Things to check QC-wise
- That GC% matches the sample species
- That the total length matches the sample species
- That you do not have a high number of contigs (ideally <500)
- That you do not have low average read depth (ideally >40X)
- A low number of long contigs is preferable to a high number of contigs with short contigs
2023-10-25: Updated the pipeline to nextflow pipeline. SPAdes is now the default assembler. Added option to run KmerFinder and rMLST. Switched out bwa with fast_count for read depth calculation.
2022-02-03: Updated pipeline to work with newest release of Unicycler (v0.5.0). Unicycler no longer uses pilon for polishing and read error correction is by default turned off, so these options have been removed from the pipeline. Also removed option for abricate as it does not work. Also updated some terms to stop confusion: The folder "assemblies" is now "fasta", "coverage" is now "read depth", and the final report from the pipeline is prefixed with "Asmbl" rather than "AsmPipe".

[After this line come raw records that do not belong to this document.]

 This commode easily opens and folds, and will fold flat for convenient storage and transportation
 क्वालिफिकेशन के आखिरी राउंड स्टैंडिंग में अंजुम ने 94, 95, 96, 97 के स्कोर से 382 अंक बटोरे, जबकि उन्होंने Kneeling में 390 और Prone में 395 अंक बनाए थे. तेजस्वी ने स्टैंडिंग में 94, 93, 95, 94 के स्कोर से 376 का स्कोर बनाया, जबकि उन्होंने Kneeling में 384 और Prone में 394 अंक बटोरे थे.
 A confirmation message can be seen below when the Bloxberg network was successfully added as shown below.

2021-04-21: Added version checks, fixed a bug with threading and most importantly: Added the flag --no_correct
to the Unicycler command to turn off SPAdes read error correction. This is not needed as the files are QC'd with Trim Galore first.

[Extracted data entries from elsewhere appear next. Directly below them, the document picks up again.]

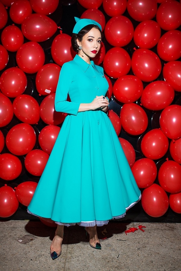 Der Feiertag von Halloween Ballerina hat das Image der Schwester von der seriellen seriellen amerikanischen seriellen Serie entschieden. Kleid im 40-IES-Stil hat eine Farbe Tiffany, sowie ergänzt durch Accessoires in Form von Handschuhen und dem Hauptkleid der Krankenschwester. Fans der Sterne waren angenehm von diesem Bogen beeindruckt - sehr raffiniert und hell gleichzeitig.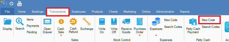 Step 1: Go to the Transactions tab and select New Code under Petty Cash.
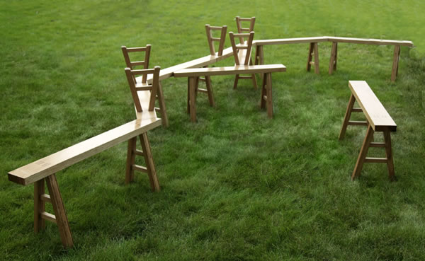 中國傳統(tǒng)老家具——長條凳,對于很多人來說,這種坐具象征著一段回憶、象征著一種風(fēng)格、象征著一種生活方式……這件作品可以提供多種坐的行為,可坐、可騎、可躺、可倚,賦予了老長條凳全新的感覺。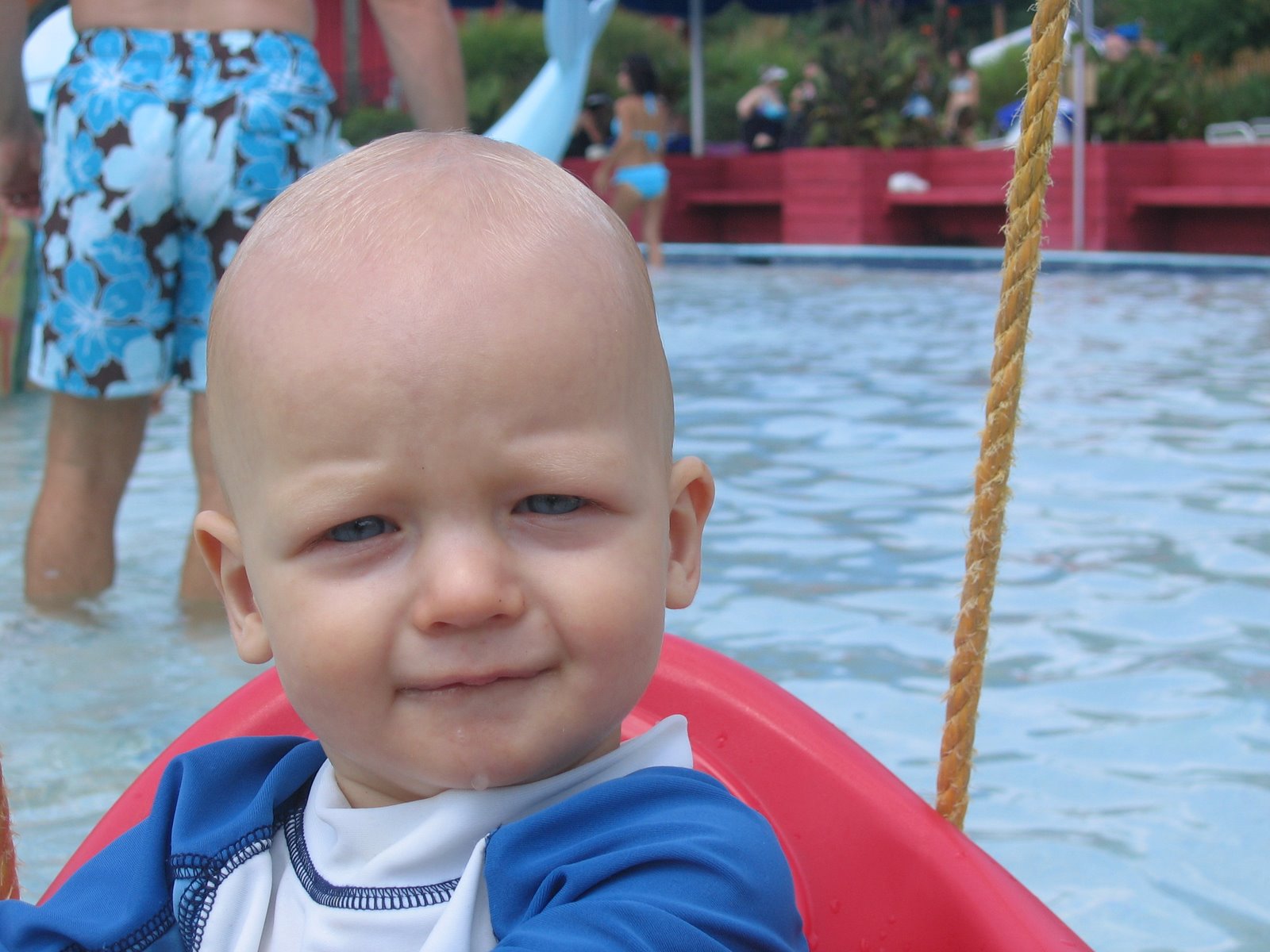 We didn't do much today. I had lunch with Mommy, Daddy, and Aunt Christy. But, the weekend before last, I had a big Wolfpack party for my birthday. Lots and lots of people came to see me. We all ate together, and I got to open presents. I got lots of neat toys and cool clothes. I even got a card that sings! I love to open it up and dance to the music (Dad: over and over and over again). The best part though was when I got my own cake. There was a candle, and everyone sang "Happy Birthday" to me. Then I tasted it, and it was GOOD, so I started stuffing it into my mouth. After a while I got full though, so I decided to just smash the rest of the cake into pieces (Dad: and fling them all over the dining room). I had so much fun at my birthday party. It was so good to see everybody.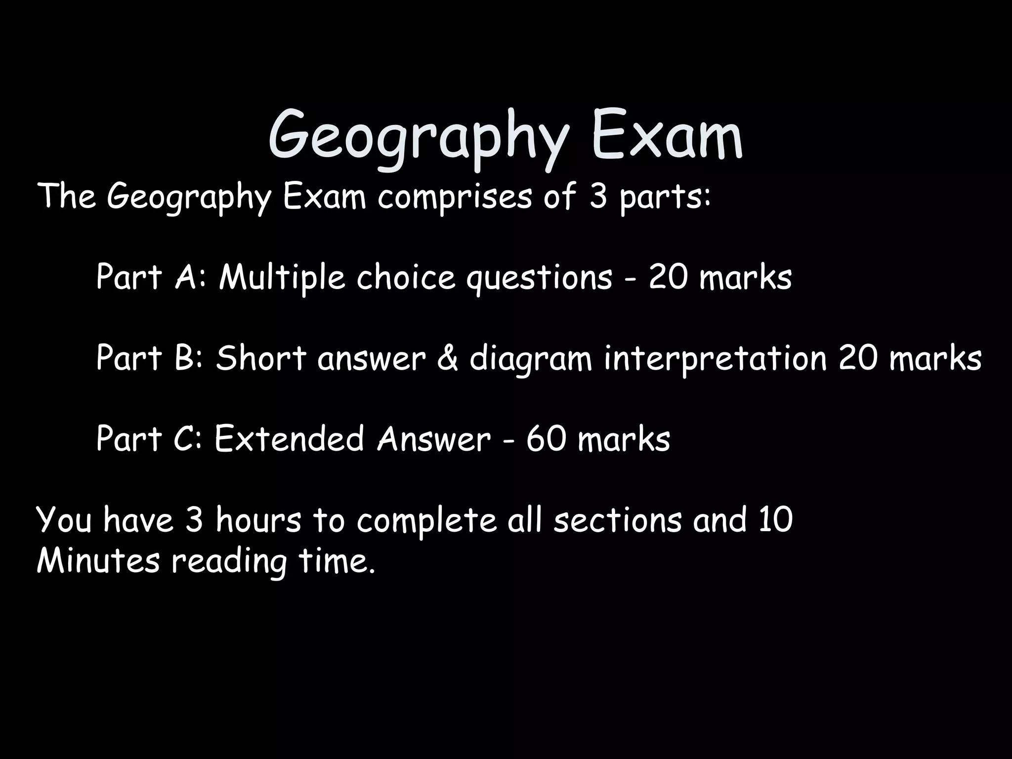 - The exam has 3 parts: multiple choice, short answer, and extended answer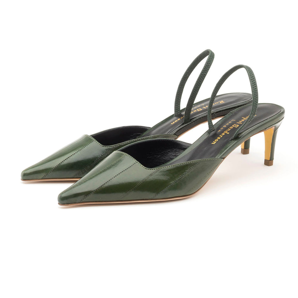 silhouette and 55mm slingback heel, it channels effortless versatility with a modern sharpness. In Hunter Green eel, the design takes on an added refinement - a true expression of autumnal elegance.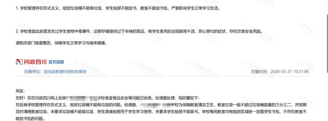 3月21日,岳池县教育科技和体育局回复称,经调查,学校为保障教室清洁卫生,教室垃圾一般不超过垃圾桶容量的三分之二,并定期及时清理教室垃圾,未要求垃圾桶不能装垃圾;学生课桌抽屉用于学生学习使用,未要求学生抽屉不能装书;学校每间教室均有指定区域统一放置学生书包,不存在教室不能放书包的问题。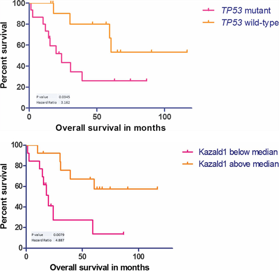 Figure 4: A. Kaplan–Meier curve showing survival advantage for wild-type p53 cases, n = 27. B. Kaplan–Meier curve showing survival disadvantage for cases with Kazald1 hypomethylation, n = 26.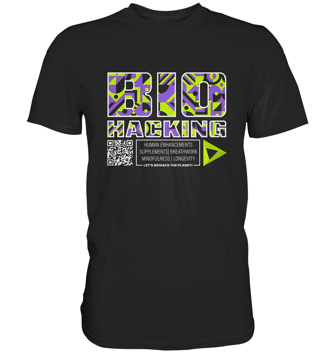 Statement für alle Biohacker und Zukunftsdenker: Dieses T-Shirt bringt deine Leidenschaft für Human Enhancement, Longevity und Mindfulness direkt auf die Brust. Mit seinem auffälligen BIOHACKING Print im futuristischen Design setzt du ein klares Zeichen: Hier geht es um mehr als Mode – es geht um Evolution.

2019-07-18: Added options to find *fastq-gz files in subdirectories from previuos runs
2019-07-18: Added options to not run parts of the pipeline, and added option to run Kleborate (https://github.com/katholt/Kleborate) at the end of the pipeline
2019-10-29: Added options to run ABRICATE as part of the pipeline, and created output-folder "analyses" to put mlst, Kleborate and ABRICATE-outputs in. Also added merge_runs.sh which you can use to merge two parent folders with the same structure (from this script).
2019-10-30: Updated tool versions in README.